Albuquerque Journal

Walmart workers: The boss is listening

Patent would allow sound sensors to monitor employee activities

- BY JENA MCGREGOR THE WASHINGTON POST

Customer service phone lines routinely tell consumers their “call is being recorded for quality assurance purposes.” But a new Walmart patent shows the retailer might someday collect checkout line sounds and capture conversati­ons between customers and the cashier ringing up their milk and diapers.

The patent, which was reported by BuzzFeed Wednesday, would use a system of sound sensors to listen in on workers’ activities and interactio­ns, gathering audio data such as the beeps and rustling of bags to determine the number of items in a transactio­n, the patent says, or conversati­ons between cashiers and customers to hear whether, say, workers were greeting customers.

“A need exists for ways to capture the sounds resulting from people in the shopping facility and determine performanc­e of employees based on those sounds,” the retail behemoth wrote in its patent applicatio­n, called “Listening to the Frontend.”

The technology may never be built or implemente­d — it is only a patent — but it provides yet another example of the ways employers are using technology to more closely monitor employee behavior and collect vast amounts of data to manage them.

Walmart did not immediatel­y respond to emails with a comment or more informatio­n about the patent, but said in a statement that “we’re always thinking about new concepts and ways that will help us further enhance how we serve customers, but we don’t have any further details to share on these patents at this time.”

Earlier this year, Amazon won patents for a wristband that would verify whether warehouse workers are correctly processing items, setting off vibrations to guide workers’ hands to the right bin, reported GeekWire.

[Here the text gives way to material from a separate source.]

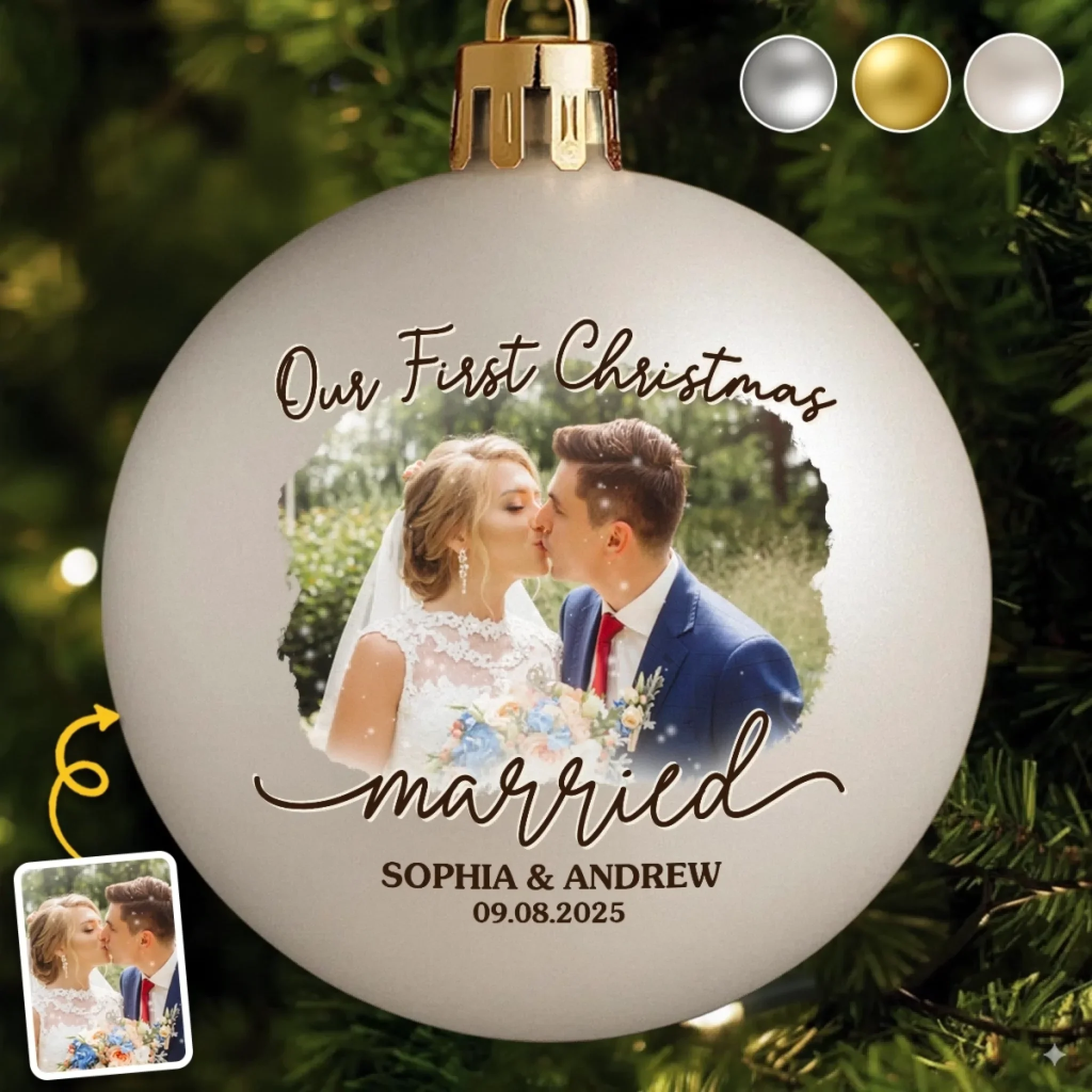 Custom Photo First Christmas Colored Ball Ornament - Personalized Married Anniversary Christmas Wedding Gifts For Husband And Wife, Him And Her - A Love Story Written In Time

UPS uses sensors to track things like whether seat belts are being worn and the opening and closing of doors on its delivery trucks.

Technology even exists that allows companies to track workplace keyboards to see how fast employees are typing, said Brian Kropp, group vice president of Gartner’s human resources practice, as well as place sensors in workers’ chairs to track how much they’re not sitting at their desks.

“But is that because they’re going and talking and collaborat­ing with their colleagues or because they’re going out to take a smoke break?” Kropp said. While the tools for collecting more and more data are increasing­ly available, he said, for the most part, “the models to turn that data into knowledge are not there.”

In its patent, Walmart indicated the concept was designed as a possible efficiency hack that could help decrease store costs and boost customer satisfacti­on.